— Dataset section —
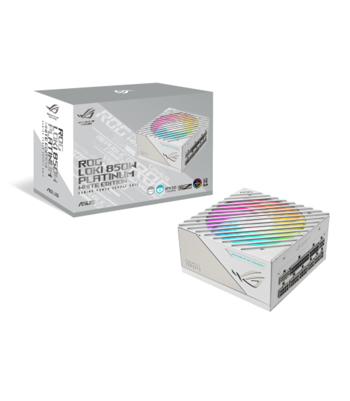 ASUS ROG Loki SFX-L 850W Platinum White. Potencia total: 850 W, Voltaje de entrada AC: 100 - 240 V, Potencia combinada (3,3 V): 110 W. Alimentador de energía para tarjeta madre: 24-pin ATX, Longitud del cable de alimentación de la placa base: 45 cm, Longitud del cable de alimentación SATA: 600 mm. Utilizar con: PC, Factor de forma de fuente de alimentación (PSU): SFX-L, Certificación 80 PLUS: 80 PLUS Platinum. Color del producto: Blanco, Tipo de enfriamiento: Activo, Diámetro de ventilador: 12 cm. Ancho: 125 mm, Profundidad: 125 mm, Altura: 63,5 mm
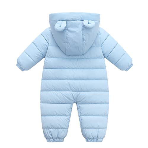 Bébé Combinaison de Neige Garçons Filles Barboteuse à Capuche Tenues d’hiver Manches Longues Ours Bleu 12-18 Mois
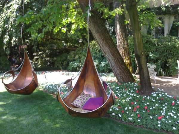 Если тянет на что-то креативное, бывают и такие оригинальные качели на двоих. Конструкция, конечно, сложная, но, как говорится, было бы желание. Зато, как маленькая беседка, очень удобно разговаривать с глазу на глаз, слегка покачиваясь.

— What to do —
Retype precisely, and only, the lines from the one holding "Bébé Combinaison de" through the final line of the data above, with the pictures omitted.

— Written response —
 Bébé Combinaison de Neige Garçons Filles Barboteuse à Capuche Tenues d’hiver Manches Longues Ours Bleu 12-18 Mois
 Если тянет на что-то креативное, бывают и такие оригинальные качели на двоих. Конструкция, конечно, сложная, но, как говорится, было бы желание. Зато, как маленькая беседка, очень удобно разговаривать с глазу на глаз, слегка покачиваясь.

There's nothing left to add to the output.